● Information:
=== Section Start ===
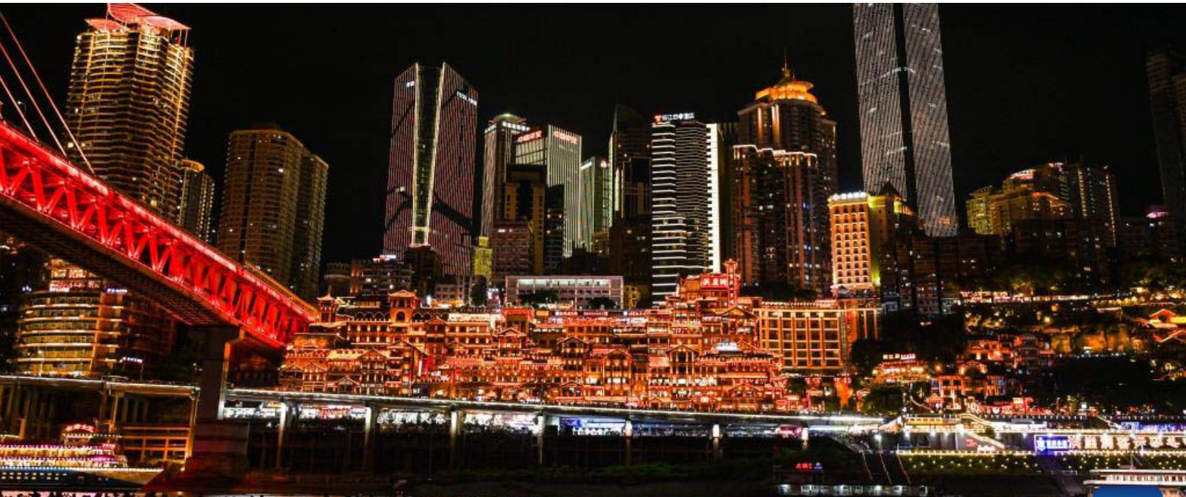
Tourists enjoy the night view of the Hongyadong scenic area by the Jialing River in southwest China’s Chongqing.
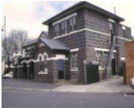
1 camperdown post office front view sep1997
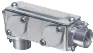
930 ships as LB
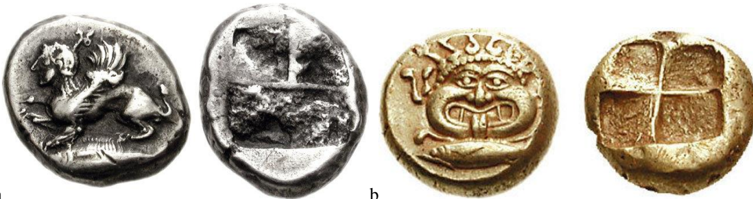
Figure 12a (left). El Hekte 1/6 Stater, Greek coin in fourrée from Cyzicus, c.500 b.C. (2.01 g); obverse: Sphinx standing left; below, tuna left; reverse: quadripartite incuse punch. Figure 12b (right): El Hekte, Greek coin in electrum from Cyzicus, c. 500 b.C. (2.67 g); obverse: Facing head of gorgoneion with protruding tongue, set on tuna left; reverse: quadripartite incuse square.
=== Section End ===
=== Section Start ===
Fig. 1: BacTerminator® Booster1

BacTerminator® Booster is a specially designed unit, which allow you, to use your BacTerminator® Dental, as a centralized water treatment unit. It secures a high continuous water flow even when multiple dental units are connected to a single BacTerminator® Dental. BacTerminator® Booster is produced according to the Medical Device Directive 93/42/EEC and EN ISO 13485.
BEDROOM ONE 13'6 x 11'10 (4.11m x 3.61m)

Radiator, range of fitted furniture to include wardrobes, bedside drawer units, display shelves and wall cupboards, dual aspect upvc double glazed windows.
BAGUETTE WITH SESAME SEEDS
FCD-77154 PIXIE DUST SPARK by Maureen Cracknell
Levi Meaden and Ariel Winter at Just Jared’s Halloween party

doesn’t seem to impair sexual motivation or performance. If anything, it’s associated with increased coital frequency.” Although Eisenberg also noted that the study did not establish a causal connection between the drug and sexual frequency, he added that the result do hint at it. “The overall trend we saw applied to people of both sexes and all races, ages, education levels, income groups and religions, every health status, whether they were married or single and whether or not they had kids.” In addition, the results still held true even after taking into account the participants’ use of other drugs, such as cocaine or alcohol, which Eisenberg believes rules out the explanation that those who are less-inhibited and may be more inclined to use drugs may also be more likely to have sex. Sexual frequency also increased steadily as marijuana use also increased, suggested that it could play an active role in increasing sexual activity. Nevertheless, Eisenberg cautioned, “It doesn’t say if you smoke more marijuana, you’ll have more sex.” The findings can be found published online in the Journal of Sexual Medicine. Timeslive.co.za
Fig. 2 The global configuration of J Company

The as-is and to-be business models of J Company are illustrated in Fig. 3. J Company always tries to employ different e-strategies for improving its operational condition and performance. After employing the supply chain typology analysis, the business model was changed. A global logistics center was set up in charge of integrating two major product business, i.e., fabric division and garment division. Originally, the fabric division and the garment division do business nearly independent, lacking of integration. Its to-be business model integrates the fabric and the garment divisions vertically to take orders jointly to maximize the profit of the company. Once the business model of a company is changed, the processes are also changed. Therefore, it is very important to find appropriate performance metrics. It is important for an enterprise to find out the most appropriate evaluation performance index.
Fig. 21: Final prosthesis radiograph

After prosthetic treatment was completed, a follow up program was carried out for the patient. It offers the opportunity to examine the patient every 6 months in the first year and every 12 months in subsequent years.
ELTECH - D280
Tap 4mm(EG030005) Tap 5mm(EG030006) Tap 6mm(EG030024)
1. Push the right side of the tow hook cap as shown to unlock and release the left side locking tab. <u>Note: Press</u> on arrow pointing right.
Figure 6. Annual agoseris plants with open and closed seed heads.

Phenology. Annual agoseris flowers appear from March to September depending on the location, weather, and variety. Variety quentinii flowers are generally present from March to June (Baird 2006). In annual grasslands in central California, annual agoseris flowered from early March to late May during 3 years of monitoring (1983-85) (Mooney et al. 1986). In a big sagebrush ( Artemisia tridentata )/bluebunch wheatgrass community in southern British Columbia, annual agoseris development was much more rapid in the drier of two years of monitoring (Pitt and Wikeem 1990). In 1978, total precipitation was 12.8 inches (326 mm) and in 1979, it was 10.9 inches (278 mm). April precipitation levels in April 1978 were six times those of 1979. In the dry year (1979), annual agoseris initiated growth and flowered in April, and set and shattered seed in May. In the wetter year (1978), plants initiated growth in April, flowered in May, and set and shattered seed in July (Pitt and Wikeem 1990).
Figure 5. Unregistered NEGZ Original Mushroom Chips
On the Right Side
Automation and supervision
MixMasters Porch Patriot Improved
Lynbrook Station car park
=== Section End ===
● Aim of the task: Print exactly the lines above from the one with "Radiator, range of" to the one with "Levi Meaden and", including both.

● Task answer:
Radiator, range of fitted furniture to include wardrobes, bedside drawer units, display shelves and wall cupboards, dual aspect upvc double glazed windows.
BAGUETTE WITH SESAME SEEDS
FCD-77154 PIXIE DUST SPARK by Maureen Cracknell
Levi Meaden and Ariel Winter at Just Jared’s Halloween party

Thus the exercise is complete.